A person’s ability to love is unlocked when that person experiences himself or herself as good, worthwhile, and lovable. According to Christian psychiatrists Conrad W. Baars and Anna A. Terruwe, this process is called “affirmation.” Affirmation is a three-step process which occurs when one person is the source of unconditional love and emotional strengthening for another person. These three steps are: the person is open and receptive to the goodness and lovableness of the other; over time, the person allows himself to be moved with affection, love, delight, etc., by the other person; and third, the person reveals these feelings to the other primarily through his countenance, tone of voice, gentle touch, etc.

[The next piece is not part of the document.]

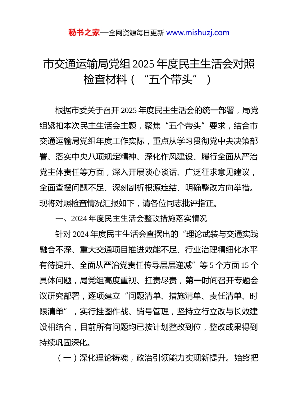 秘书之家—全网资源每日更新 www.mishuzj.com市交通运输局党组 2025 年度民主生活会对照检查材料(“五个带头”)根据市委关于召开 2025 年度民主生活会的统一部署,局党组紧扣本次民主生活会主题,聚焦“五个带头”要求,结合市交通运输局党组年度工作实际,重点从学习贯彻党中央决策部署、落实中央八项规定精神、深化作风建设、履行全面从严治党主体责任等方面,深入开展谈心谈话、广泛征求意见建议,全面查摆问题不足、深刻剖析根源症结、明确整改方向举措。现将对照检查情况汇报如下,请各位同志批评指正。一、2024 年度民主生活会整改措施落实情况针对 2024 年度民主生活会查摆出的“理论武装与交通实践融合不深、重大交通项目推进效能不足、行业治理精细化水平有待提升、全面从严治党责任传导层层递减”等 5 个方面 15 个具体问题,局党组高度重视、扛责尽责,第一时间召开专题会议研究部署,逐项建立“问题清单、措施清单、责任清单、时限清单”,实行挂图作战、销号管理,坚持立行立改与长效建设相结合,目前所有问题均已按计划整改到位,整改成果得到持续巩固深化。(一)深化理论铸魂,政治引领能力实现新提升。始终把秘书之家—全网资源每日更新 www.mishuzj.com学习贯彻习近平新时代中国特色社会主义思想作为首要政治任务,严格落实“第一议题”制度,修订完善《局党组理论学习中心组学习制度》,全年主持召开党组理论学习中心组学习会15 次,专题学习习近平总书记关于交通运输工作的重要论述、指示批示精神 23 次,带头开展研讨交流 12 人次。围绕“加快建设交通强国”“以新质生产力赋能交通运输高质量发展”等主题,党组书记带头讲授专题党课 4 次,班子成员到分管领域、联系单位讲党课 8 次,推动理论学习与交通工作实践深度融合。通过开展“学思想、强党性、重实践、建新功”主题教育,组织全局党员干部开展专题培训 6 场、实地研学 4 次,引导干部职工不断提高政治判断力、政治领悟力、政治执行力,自觉在思想上政治上行动上同以习近平同志为核心的党中央保持高度一致,确保党中央关于交通运输高质量发展的各项决策部署在全市交通系统落地生根、开花结果。(二)聚焦主责主业,交通发展动能得到新增强。锚定“打造区域综合交通枢纽”目标,将整改落实与履职尽责紧密结合,全力推动交通运输事业高质量发展。一是攻坚重大项目建设。建立“领导包联、专班推进、定期调度”机制,统筹推进高速公路、国省干线、港口航运、城乡客运等重点项目建设,2025 年全市交通固定资产投资完成*亿元,同比增长*%;*高秘书之家—全网资源每日更新 www.mishuzj.com速公路主线贯通,*国道改线工程竣工通车,*港口集装箱吞吐量突破*万标箱,交通基础设施网络持续完善。二是提升运输服务质效。深化城乡客运一体化改革,新增城乡公交线路*条,优化调整线路*条,行政村通公交率保持 100%;推进“交邮融合”发展,建成乡镇综合运输服务站*个,农村物流覆盖率提升至*%;规范网约车、货运车辆管理,道路运输违法行为查处率提升*%,运输市场秩序持续向好。三是赋能产业融合发展。主动对接制造业、旅游业等重点产业需求,开通工业园区定制公交*条、旅游专线*条;推进多式联运发展,完成集装箱多式联运量*万吨,降低物流成本约*亿元,为全市经济社会发展提供了坚实交通保障。(三)践行初心使命,为民服务质效展现新面貌。牢固树立以人民为中心的发展思想,把解决群众急难愁盼问题作为整改落脚点。一是深化“放管服”改革。梳理交通政务服务事项*项,实现*项“一网通办”、*项“免申即享”、*项“最多跑一次”,审批时限平均压缩*%。二是开展专项整治行动。聚焦群众反映强烈的公路“三乱”、出租车拒载议价等问题,开展专项整治*次,查处违规行为*起,退还违规收费*万元,群众满意度提升至*%。三是畅通诉求反馈渠道。依托 12345 政务服务热线、交通服务监督电话等平台,建立“接诉即办、闭环管理”秘书之家—全网资源每日更新 www.mishuzj.com机制,全年受理群众诉求*件,办结率*%、满意率*%。四是深入基层调研走访。班子成员带头深入项目工地、运输企业、乡镇...
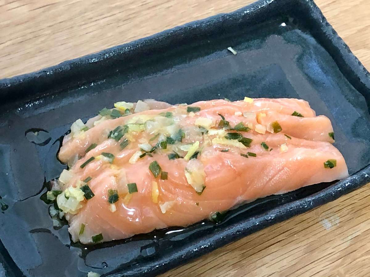 アトランティックサーモンに、エシャロットレモンピールがかかっていています。オイルがしっかり沁みているのでレタスやサラダ菜と一緒に食べてもおいしいですよ。塩分控えめで作られているので、ほんの少しだけ、醤油をかけてもおすすめす。

For Christians, this capacity to love is essential in order to live out the commandment of Jesus to “love one another” (John 13:34, 15:12). However, affirmation and affirming living – being open to the goodness, truth and beauty of others, nature, the fine arts, etc. – all of creation – is not limited to Christians. It is simply the nature of every human person to desire to experience happiness in this manner.
According to Drs. Baars and Terruwe, a person is unaffirmed when he or she has been deprived of authentic affirmation through having been criticized, ignored, neglected, abused, abandoned or emotionally rejected by primary caregivers early in life, resulting in a stunted emotional life. Because affirmation of one’s being is an essential developmental need, unaffirmed individuals are incapable of developing into emotionally mature adults without first receiving authentic affirmation from another person. Maturity is reached when there is a harmonious relationship between a person’s body, mind, emotions, and soul under the guidance of their reason and will.
Affirmation therapy involves the therapist’s affective, rather than effective, presence with a client. In other words, it is a way of “being” with a person as opposed to “doing” something to or for her. Affirmation therapy can be formally described as a way of being affectively present to another human person in a therapeutic relationship in which the therapist reveals to the client his or her intrinsic goodness and worth. Affirmation is a profound way of being with someone that should not be mistaken for a set of simplistic techniques such as giving a pat on the back or a superficial compliment. Any ancillary actions or interventions on the part of the therapist are secondary to the therapist’s affective presence and are only healing in the context of the accepting and safe environment created by the therapist’s affective presence.
The authentic care, concern, and love for the adult who internally experiences the world as does a baby or child is communicated by the therapist through the therapist’s eyes, facial expression, countenance and other nonverbal communication, as well as words of acceptance and encouragement. The therapist’s affective presence allows the client to feel accepted, loved and worthwhile instead of simply trying to believe it intellectually, based on the words of the therapist. As the client accepts affirmation from the therapist, emotional strengthening occurs naturally at the client’s own pace. The client is able to grow stronger as she feels safe and secure with someone who knows and accepts her just as she is.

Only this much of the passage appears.